* Supplied records
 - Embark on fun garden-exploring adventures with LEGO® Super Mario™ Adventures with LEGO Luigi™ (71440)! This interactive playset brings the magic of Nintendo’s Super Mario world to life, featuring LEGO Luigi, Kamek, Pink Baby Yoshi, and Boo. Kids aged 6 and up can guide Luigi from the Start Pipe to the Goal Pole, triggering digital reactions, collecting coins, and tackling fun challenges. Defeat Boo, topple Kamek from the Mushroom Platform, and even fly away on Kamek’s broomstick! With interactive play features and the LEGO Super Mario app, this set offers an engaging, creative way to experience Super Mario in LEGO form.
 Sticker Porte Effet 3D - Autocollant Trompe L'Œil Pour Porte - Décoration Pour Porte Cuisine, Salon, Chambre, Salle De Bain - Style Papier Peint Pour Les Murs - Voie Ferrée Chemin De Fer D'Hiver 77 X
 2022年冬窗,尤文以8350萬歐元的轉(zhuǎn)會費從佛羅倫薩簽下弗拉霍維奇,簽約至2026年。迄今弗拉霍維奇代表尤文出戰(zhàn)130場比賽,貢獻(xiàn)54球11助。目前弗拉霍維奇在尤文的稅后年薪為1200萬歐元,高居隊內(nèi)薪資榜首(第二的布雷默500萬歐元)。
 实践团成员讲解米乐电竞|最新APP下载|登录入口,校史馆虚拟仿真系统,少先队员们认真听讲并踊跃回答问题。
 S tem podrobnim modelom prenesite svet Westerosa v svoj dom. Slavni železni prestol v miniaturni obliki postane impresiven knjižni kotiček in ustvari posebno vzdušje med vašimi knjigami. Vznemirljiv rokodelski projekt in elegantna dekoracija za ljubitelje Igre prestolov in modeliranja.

--

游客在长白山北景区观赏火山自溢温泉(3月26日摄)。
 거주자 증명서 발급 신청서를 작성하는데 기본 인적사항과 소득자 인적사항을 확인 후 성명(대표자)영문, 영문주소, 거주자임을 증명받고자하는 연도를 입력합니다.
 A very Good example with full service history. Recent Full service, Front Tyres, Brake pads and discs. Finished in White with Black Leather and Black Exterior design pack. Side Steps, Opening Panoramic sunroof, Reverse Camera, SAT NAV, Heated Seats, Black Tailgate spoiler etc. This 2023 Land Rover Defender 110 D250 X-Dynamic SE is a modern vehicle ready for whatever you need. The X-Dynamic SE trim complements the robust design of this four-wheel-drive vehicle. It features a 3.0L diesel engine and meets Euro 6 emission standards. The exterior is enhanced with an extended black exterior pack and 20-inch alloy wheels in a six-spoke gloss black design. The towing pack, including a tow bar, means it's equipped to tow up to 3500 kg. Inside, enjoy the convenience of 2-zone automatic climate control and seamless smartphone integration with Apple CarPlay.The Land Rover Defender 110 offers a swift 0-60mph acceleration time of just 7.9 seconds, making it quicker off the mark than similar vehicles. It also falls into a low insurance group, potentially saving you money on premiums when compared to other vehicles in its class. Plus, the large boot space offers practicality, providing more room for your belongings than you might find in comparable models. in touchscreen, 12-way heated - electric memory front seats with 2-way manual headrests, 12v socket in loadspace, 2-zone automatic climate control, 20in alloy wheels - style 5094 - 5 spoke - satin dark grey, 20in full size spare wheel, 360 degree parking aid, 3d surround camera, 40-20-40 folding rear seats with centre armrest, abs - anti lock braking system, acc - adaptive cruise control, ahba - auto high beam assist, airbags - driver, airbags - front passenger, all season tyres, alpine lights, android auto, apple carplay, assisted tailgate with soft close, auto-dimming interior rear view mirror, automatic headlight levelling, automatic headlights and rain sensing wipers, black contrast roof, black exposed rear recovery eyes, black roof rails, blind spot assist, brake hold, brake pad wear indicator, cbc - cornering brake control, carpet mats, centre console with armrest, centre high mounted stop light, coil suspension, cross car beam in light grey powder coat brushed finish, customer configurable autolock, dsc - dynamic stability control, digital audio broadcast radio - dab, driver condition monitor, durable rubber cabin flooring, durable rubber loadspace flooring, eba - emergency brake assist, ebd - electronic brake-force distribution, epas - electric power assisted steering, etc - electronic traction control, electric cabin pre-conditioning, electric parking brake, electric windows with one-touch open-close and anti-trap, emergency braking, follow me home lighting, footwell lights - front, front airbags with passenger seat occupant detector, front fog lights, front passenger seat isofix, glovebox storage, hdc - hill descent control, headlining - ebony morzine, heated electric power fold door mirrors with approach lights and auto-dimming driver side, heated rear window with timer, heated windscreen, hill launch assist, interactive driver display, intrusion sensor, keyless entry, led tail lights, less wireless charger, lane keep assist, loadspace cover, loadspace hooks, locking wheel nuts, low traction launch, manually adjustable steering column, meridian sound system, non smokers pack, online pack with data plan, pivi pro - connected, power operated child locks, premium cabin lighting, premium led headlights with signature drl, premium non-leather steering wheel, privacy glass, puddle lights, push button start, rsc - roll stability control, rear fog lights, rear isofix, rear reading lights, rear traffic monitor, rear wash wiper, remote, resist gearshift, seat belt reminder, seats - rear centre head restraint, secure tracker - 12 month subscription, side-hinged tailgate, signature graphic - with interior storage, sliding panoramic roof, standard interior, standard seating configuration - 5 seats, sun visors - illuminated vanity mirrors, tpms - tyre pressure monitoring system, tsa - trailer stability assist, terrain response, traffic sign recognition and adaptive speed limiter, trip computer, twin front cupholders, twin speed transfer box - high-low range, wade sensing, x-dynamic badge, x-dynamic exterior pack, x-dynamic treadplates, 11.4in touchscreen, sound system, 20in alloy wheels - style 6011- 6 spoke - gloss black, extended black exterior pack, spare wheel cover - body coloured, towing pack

---

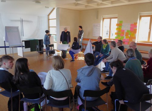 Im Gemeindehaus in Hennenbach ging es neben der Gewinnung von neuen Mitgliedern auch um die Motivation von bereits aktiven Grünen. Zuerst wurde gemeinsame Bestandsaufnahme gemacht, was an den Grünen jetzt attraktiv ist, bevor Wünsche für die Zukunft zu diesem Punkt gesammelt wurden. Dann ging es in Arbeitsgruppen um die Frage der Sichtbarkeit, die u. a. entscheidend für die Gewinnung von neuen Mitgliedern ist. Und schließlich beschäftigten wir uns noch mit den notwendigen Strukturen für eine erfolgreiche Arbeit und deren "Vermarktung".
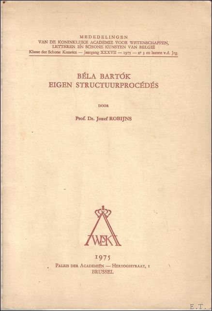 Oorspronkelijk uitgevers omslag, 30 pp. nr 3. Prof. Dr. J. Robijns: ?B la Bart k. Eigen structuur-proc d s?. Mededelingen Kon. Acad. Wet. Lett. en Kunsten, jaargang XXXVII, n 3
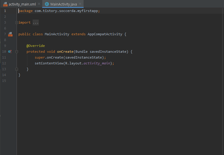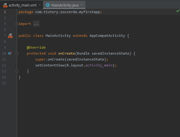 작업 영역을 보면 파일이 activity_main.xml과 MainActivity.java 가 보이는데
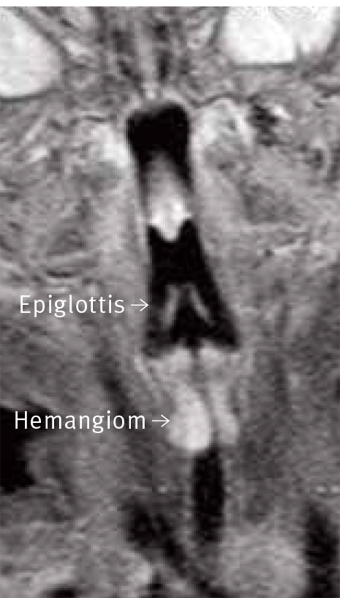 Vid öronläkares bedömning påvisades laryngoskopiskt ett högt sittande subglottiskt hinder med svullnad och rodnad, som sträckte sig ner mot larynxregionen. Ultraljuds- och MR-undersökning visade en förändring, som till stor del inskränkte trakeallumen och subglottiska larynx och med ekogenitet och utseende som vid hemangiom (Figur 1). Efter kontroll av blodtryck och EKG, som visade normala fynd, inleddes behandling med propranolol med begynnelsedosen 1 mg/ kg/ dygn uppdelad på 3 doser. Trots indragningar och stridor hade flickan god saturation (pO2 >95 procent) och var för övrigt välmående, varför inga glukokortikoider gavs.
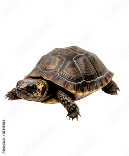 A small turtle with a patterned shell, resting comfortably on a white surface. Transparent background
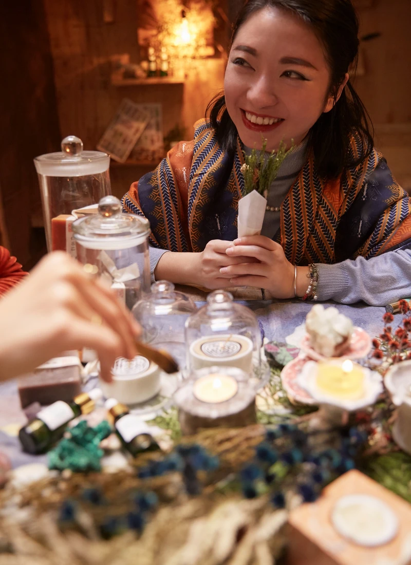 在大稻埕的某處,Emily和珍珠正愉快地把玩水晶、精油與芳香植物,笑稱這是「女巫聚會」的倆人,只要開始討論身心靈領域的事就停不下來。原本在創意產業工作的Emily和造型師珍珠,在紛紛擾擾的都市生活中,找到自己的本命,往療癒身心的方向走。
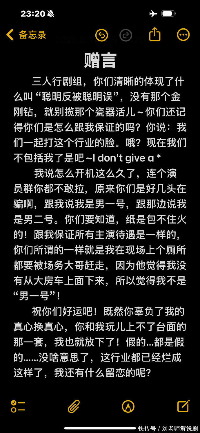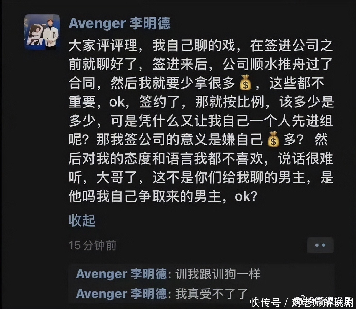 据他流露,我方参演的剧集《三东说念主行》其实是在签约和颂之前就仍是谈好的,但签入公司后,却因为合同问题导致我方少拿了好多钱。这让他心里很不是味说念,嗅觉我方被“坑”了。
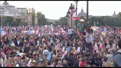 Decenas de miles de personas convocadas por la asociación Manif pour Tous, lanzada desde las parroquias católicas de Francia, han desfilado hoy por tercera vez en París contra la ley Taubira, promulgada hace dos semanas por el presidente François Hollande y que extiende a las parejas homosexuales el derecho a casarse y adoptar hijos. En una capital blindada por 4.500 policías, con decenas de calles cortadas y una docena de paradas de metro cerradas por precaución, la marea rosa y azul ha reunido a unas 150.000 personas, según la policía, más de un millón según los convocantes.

* What is expected
In the data above, retype exactly and only the lines between the one holding "- Embark on" and the one holding "S tem podrobnim", inclusive.

* The answer
 - Embark on fun garden-exploring adventures with LEGO® Super Mario™ Adventures with LEGO Luigi™ (71440)! This interactive playset brings the magic of Nintendo’s Super Mario world to life, featuring LEGO Luigi, Kamek, Pink Baby Yoshi, and Boo. Kids aged 6 and up can guide Luigi from the Start Pipe to the Goal Pole, triggering digital reactions, collecting coins, and tackling fun challenges. Defeat Boo, topple Kamek from the Mushroom Platform, and even fly away on Kamek’s broomstick! With interactive play features and the LEGO Super Mario app, this set offers an engaging, creative way to experience Super Mario in LEGO form.
 Sticker Porte Effet 3D - Autocollant Trompe L'Œil Pour Porte - Décoration Pour Porte Cuisine, Salon, Chambre, Salle De Bain - Style Papier Peint Pour Les Murs - Voie Ferrée Chemin De Fer D'Hiver 77 X
 2022年冬窗,尤文以8350萬歐元的轉(zhuǎn)會費從佛羅倫薩簽下弗拉霍維奇,簽約至2026年。迄今弗拉霍維奇代表尤文出戰(zhàn)130場比賽,貢獻(xiàn)54球11助。目前弗拉霍維奇在尤文的稅后年薪為1200萬歐元,高居隊內(nèi)薪資榜首(第二的布雷默500萬歐元)。
 实践团成员讲解米乐电竞|最新APP下载|登录入口,校史馆虚拟仿真系统,少先队员们认真听讲并踊跃回答问题。
 S tem podrobnim modelom prenesite svet Westerosa v svoj dom. Slavni železni prestol v miniaturni obliki postane impresiven knjižni kotiček in ustvari posebno vzdušje med vašimi knjigami. Vznemirljiv rokodelski projekt in elegantna dekoracija za ljubitelje Igre prestolov in modeliranja.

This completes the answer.